**TASK**: Retype word for word the stretch of entries below from the line that has "Vēlāk raiņi centrā" through the line that has "Далада қыс, қар", and omit the pictures.
··· RECORD EXTRACTS ···
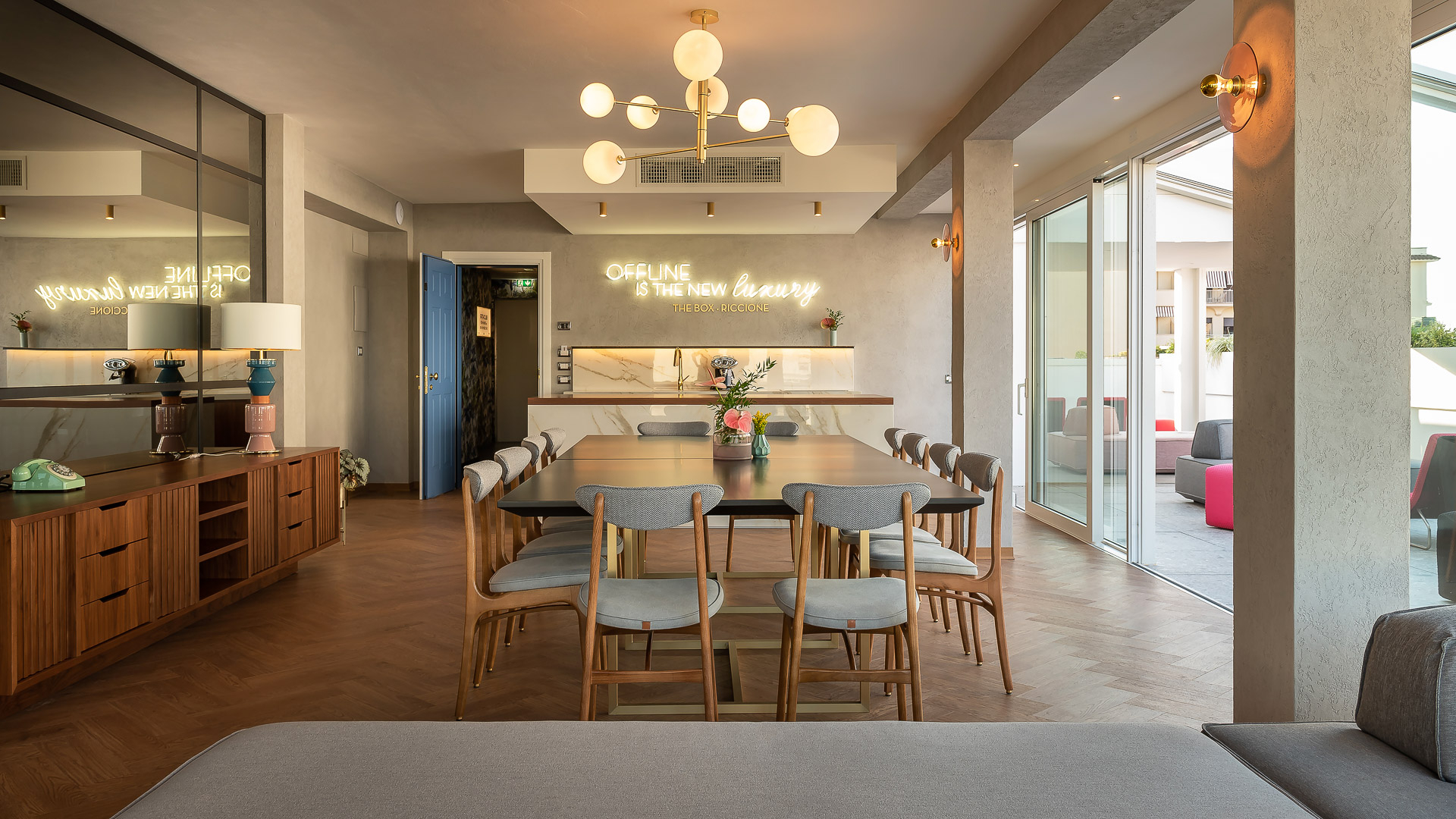 Do not image an ordinary hotel but a “romantic industrial” mix, inspired by the great director Wes Anderson in the city center and few steps from the sea of Riccione, one of the most vibrant city by the Adriatic Coast.
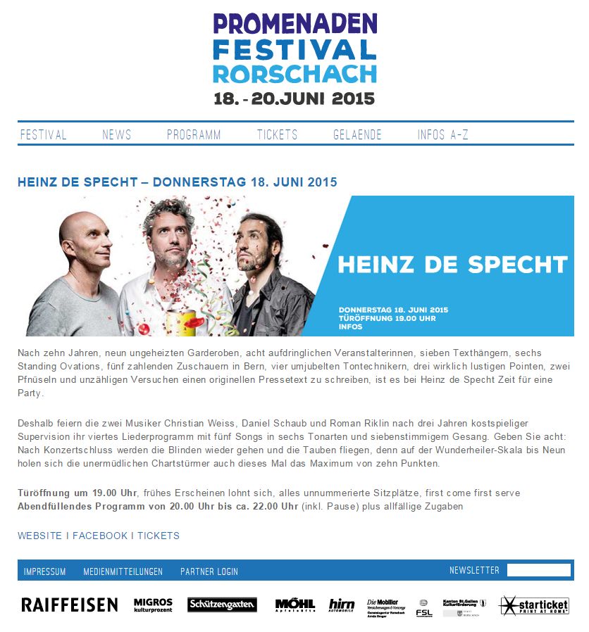 Ab Donnerstag in der Badhütte 16. Juni 2015 - 04:00Von Donnerstag bis und mit Samstag wird anlässlich des Promenaden Festivals in der Rorschacher Badhütte einiges geboten >> Das erwartet das Publikum am Donnerstag:Teilen mit: Einen Link per E-Mail an einen Freund senden (Wird in neuem Fenster geöffnet) E-Mail Drucken (Wird in neuem Fenster geöffnet) Drucken Auf Facebook teilen (Wird in neuem Fenster geöffnet) Facebook Auf X teilen (Wird in neuem Fenster geöffnet) X Auf WhatsApp teilen (Wird in neuem Fenster geöffnet) WhatsApp Gefällt mir:Gefällt mir Wird geladen …Newsletter abonnieren Bitte dieses Feld leer lassenBitte wähle, ob Du über jeden neuen Beitrag sofort oder lieber jeden Morgen gegen 9 Uhr eine Zusammenfassung der neusten Beiträge erhalten möchtest.Liste(n) auswählen: Neues vom Echo (Zusammenfassung) Neues vom Echo (Sofortbenachrichtigung) Dieses Feld wird benötigt.Prüfen Sie Ihren Posteingang und den Spamordner, um Ihr Abonnement zu bestätigen.
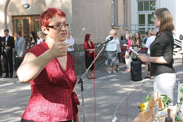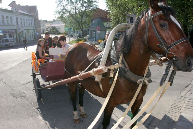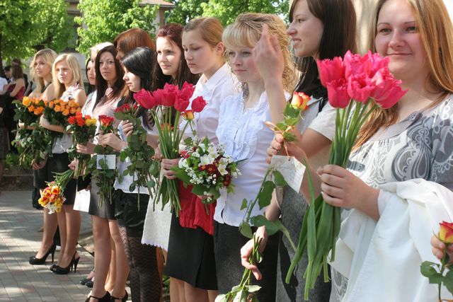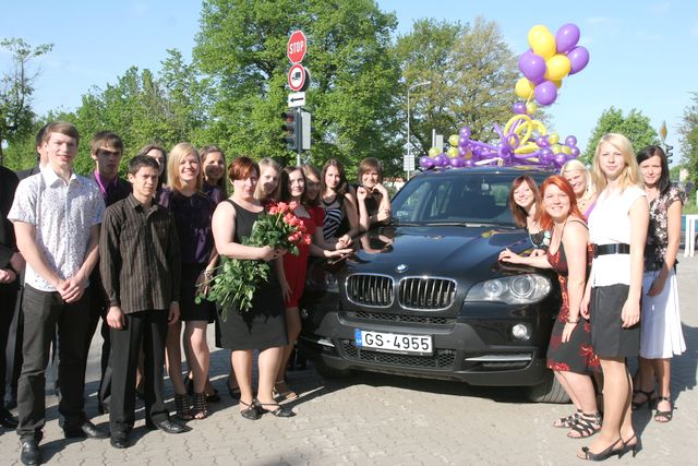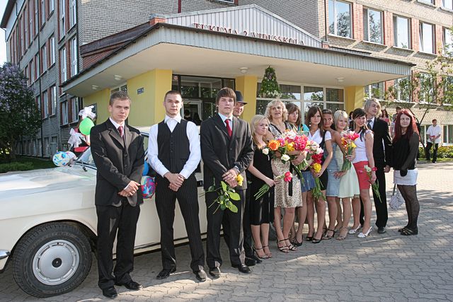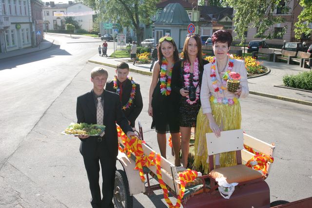 Vēlāk raiņi centrā pie strūklakas kopā ar skolotājām bildējās. Katru īpaši uz skolu aizveda. Zirga pajūgā, ar mocīti, bet, piemēram, skolotāju Initu Rudenko viņas puiši cauri pilsētai nešus aiznesa. Pie Tukuma 2. vidusskolas tāds pats ļembasts. Skolotājus nesa, veda ar veco, labo krievu «Volgu» un arī ar limuzīnu. Tukuma 2. pamatskolā šogad pirmais izlaidums. Devītie audzinātāju Agritu Auziņu līdz skolai atvizināja ar pašvaldības policijas automašīnu un, sirēnām kaucot, lai visi redz un zina, ka drīz atkal bērni kā putnēni no ligzdām izlidos. Mēs arī visu mūsu lasītāju vārdā novēlam skolēniem un viņu skolotājiem, vecākiem veiksmi eksāmenos un turpmākajā dzīvē.
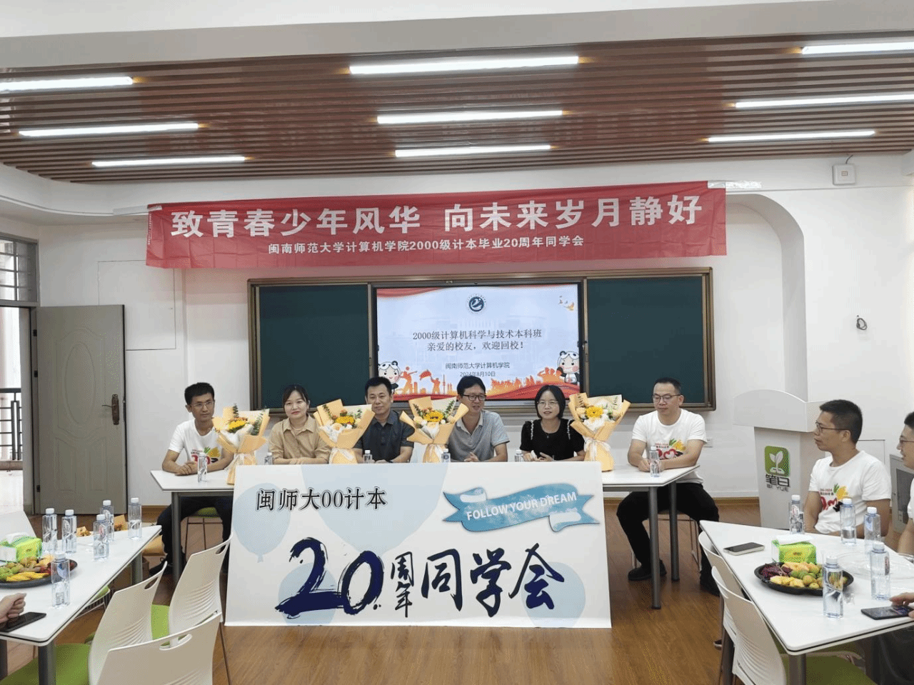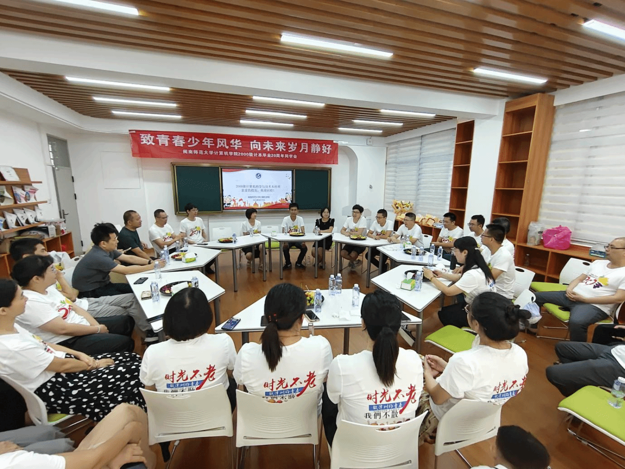 8月10日,太阳成集团tyc522cc在砺志楼223举办2000级计算机科学与技术本科班“致青春少年风华 向未来岁月静好”毕业二十周年返校活动。学院党委书记祁超,院长林耀进,校党委宣传部、统战部副部长谢斌斌,原辅导员、物理与信息工程学院党委副书记陈丽新,学院党委副书记陈小玲等教师代表参加相关活动。
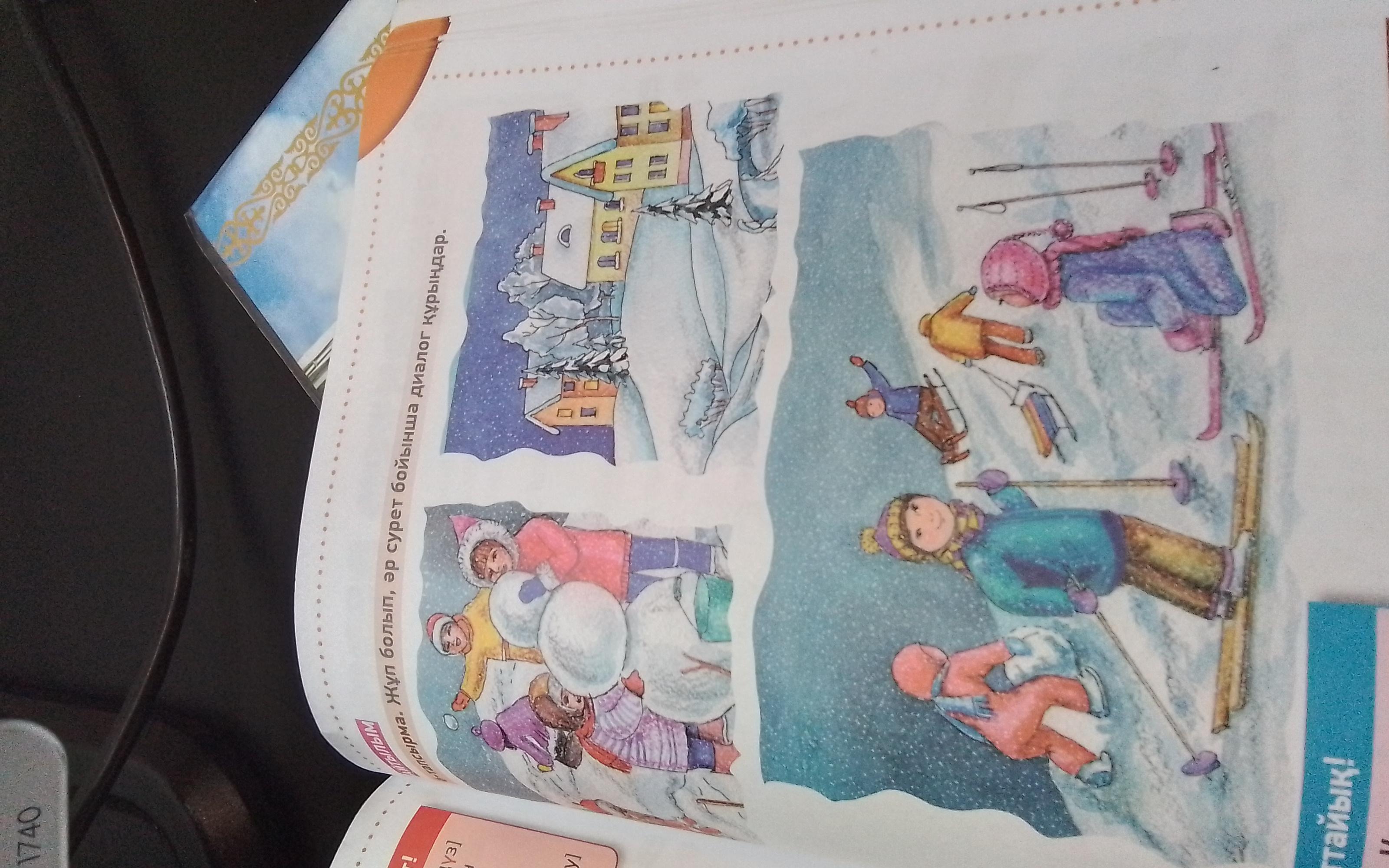Далада қыс, қар түсті .Балалар далада қар ойнап жатыр .Олар аққаланы салып жатыр . Кейбір балалар қардан шанамен түсіп жатыр . Барлығы жаңа жылды күтіп жатыр .
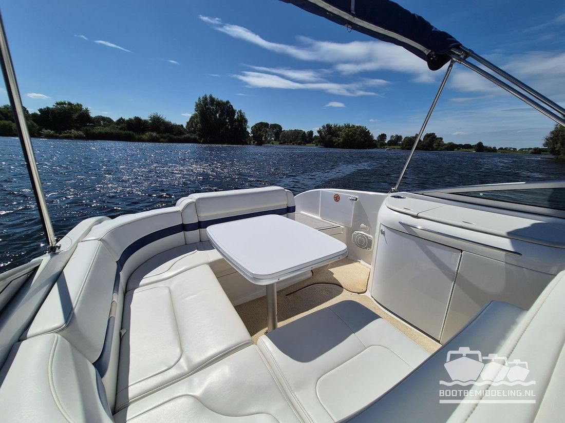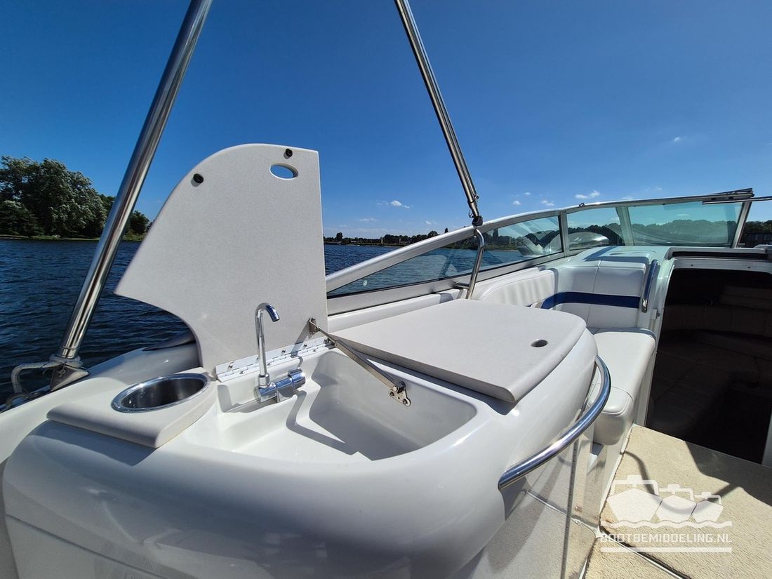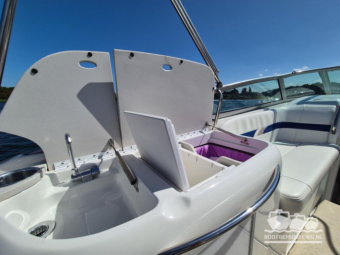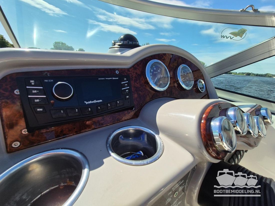 Een prachtig voorbeeld van vakmanschap! Al decennia staat Formula voor elegantie, kwaliteit en snelheid en bij elk model dat uit de fabriek komt lijken ze er weer in te slagen. Met een oorsprong in de racerij hebben ze de basis gelegd voor snelheid, maar door de jaren heen is dat verweven geraakt met comfort en verfijning. Deze 260 SunSport is daar een uitstekend voorbeeld van, want de elegante en snelle lijnen buitenom gaan hand in hand met een kwalitatief hoogwaardig en uitgebalanceerd interieur. De Mercruiser 6.2 MPI V8 is gekoppeld aan een Bravo III sterndrive en is wat ons betreft een ideale combinatie! Het grote zwemplateau is voorzien van Seadeck en in de cockpit vindt u zachte vloerbedekking die in 2025 is vernieuwd. Uw gasten zitten in een ruime rondzit, die omgebouwd kan worden tot één groot zonnebed of juist voorin direct naast de bestuurder of op de zonnebank. De cabine kan gebruikt worden als slaapgelegenheid of als zitje en beschikt tevens over een vast toilet. Aan boord vind u stromend water voor de wasbak en de buitendouche op het zwemplateau. Het dashboard is voorzien van nieuwe digitale klokken en van een Rockford Fosgate radio. Geen zin in radio, maar genieten van het geluid van de V8? Dan kunt u uw hart ophalen met het recent geïnstalleerde ?Captains Call? schakelbare uitlaatsysteem. Gaat uw hart sneller kloppen en bent u nieuwsgierig geworden naar deze uitstekend onderhouden 260SS, maar dan nu snel een afspraak voor een bezichtiging! Dubbel-assige boottrailer van het merk Freewheel beschikbaar tegen meerprijs.
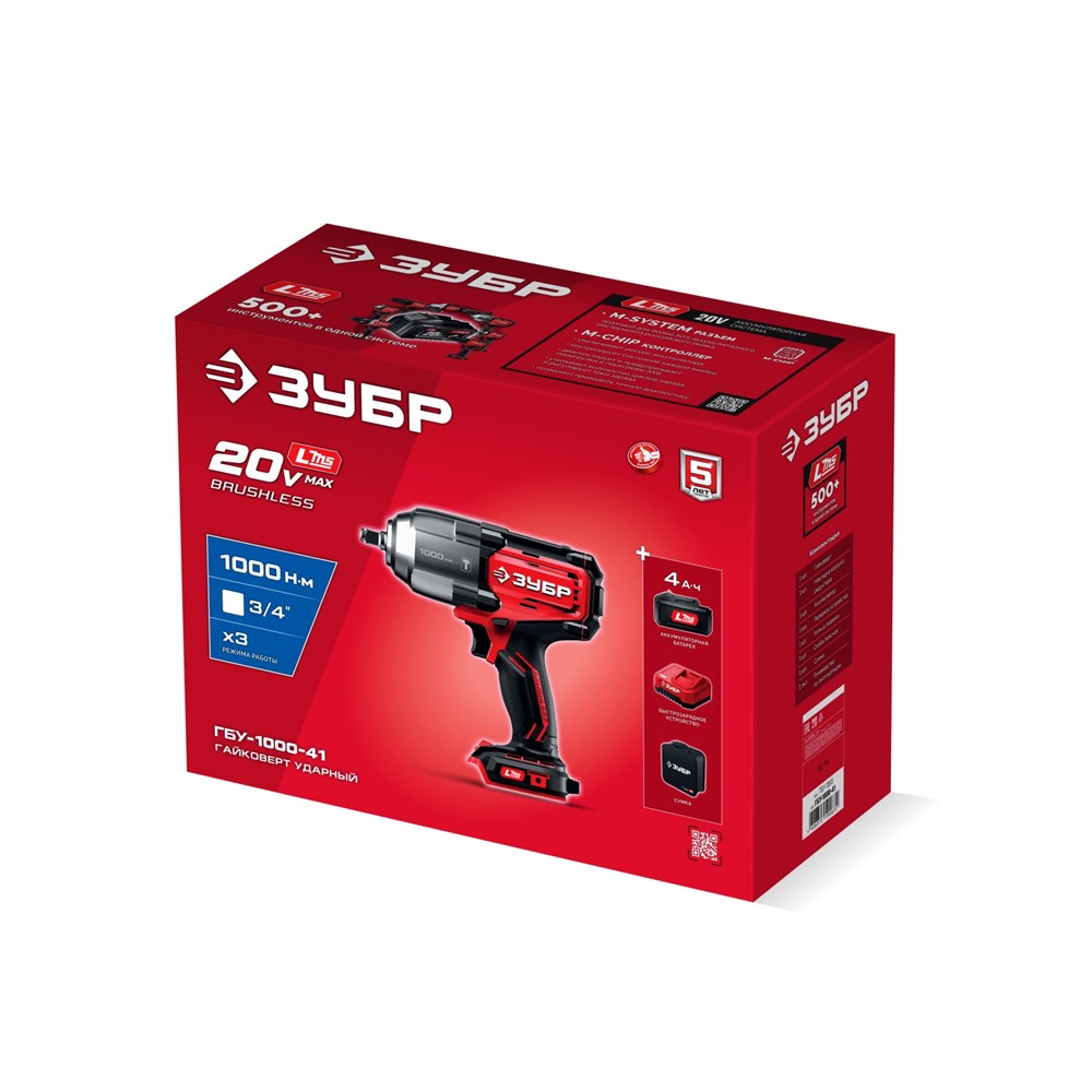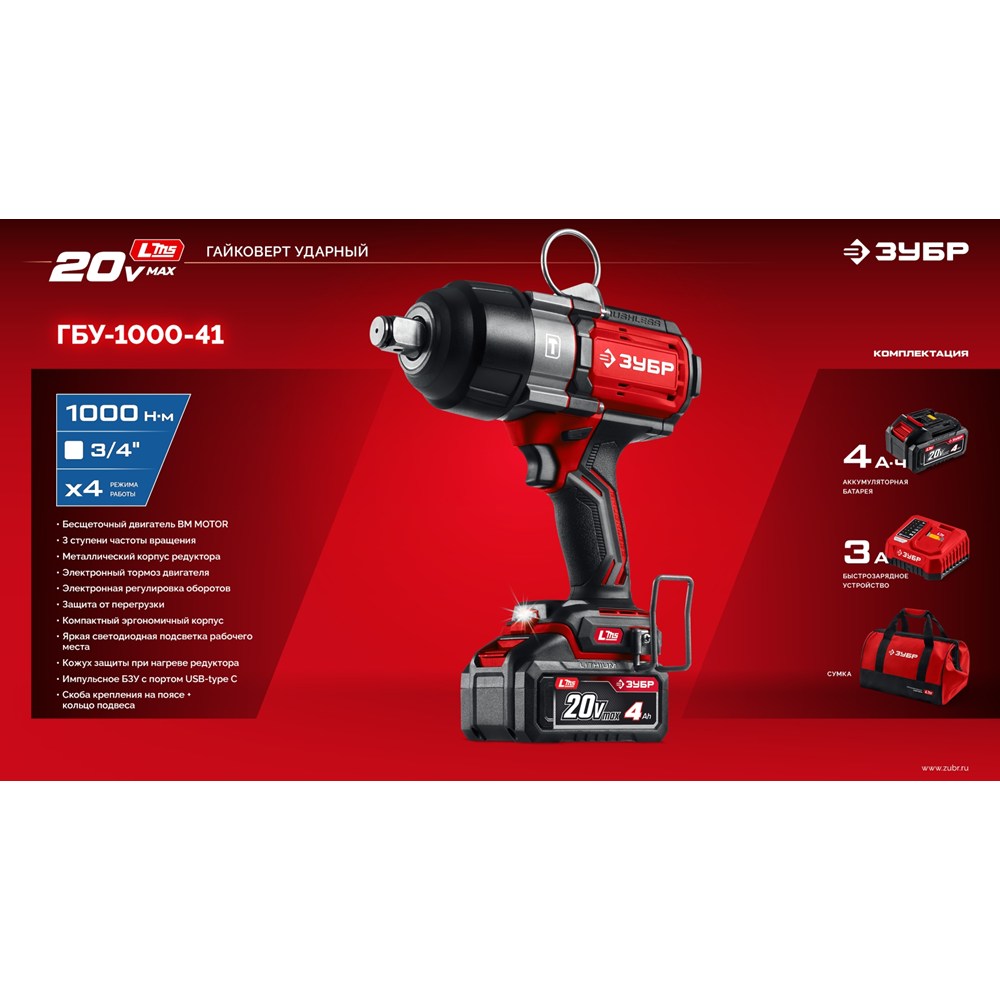 Бесщеточный ударный гайковерт, 20 В, 1000 Н·м, 1 АКБ LMS (4 А·ч), сумка (ГБУ-1000-41)
···
**EXPECTED ANSWER**:
 Vēlāk raiņi centrā pie strūklakas kopā ar skolotājām bildējās. Katru īpaši uz skolu aizveda. Zirga pajūgā, ar mocīti, bet, piemēram, skolotāju Initu Rudenko viņas puiši cauri pilsētai nešus aiznesa. Pie Tukuma 2. vidusskolas tāds pats ļembasts. Skolotājus nesa, veda ar veco, labo krievu «Volgu» un arī ar limuzīnu. Tukuma 2. pamatskolā šogad pirmais izlaidums. Devītie audzinātāju Agritu Auziņu līdz skolai atvizināja ar pašvaldības policijas automašīnu un, sirēnām kaucot, lai visi redz un zina, ka drīz atkal bērni kā putnēni no ligzdām izlidos. Mēs arī visu mūsu lasītāju vārdā novēlam skolēniem un viņu skolotājiem, vecākiem veiksmi eksāmenos un turpmākajā dzīvē.
 8月10日,太阳成集团tyc522cc在砺志楼223举办2000级计算机科学与技术本科班“致青春少年风华 向未来岁月静好”毕业二十周年返校活动。学院党委书记祁超,院长林耀进,校党委宣传部、统战部副部长谢斌斌,原辅导员、物理与信息工程学院党委副书记陈丽新,学院党委副书记陈小玲等教师代表参加相关活动。
Далада қыс, қар түсті .Балалар далада қар ойнап жатыр .Олар аққаланы салып жатыр . Кейбір балалар қардан шанамен түсіп жатыр . Барлығы жаңа жылды күтіп жатыр .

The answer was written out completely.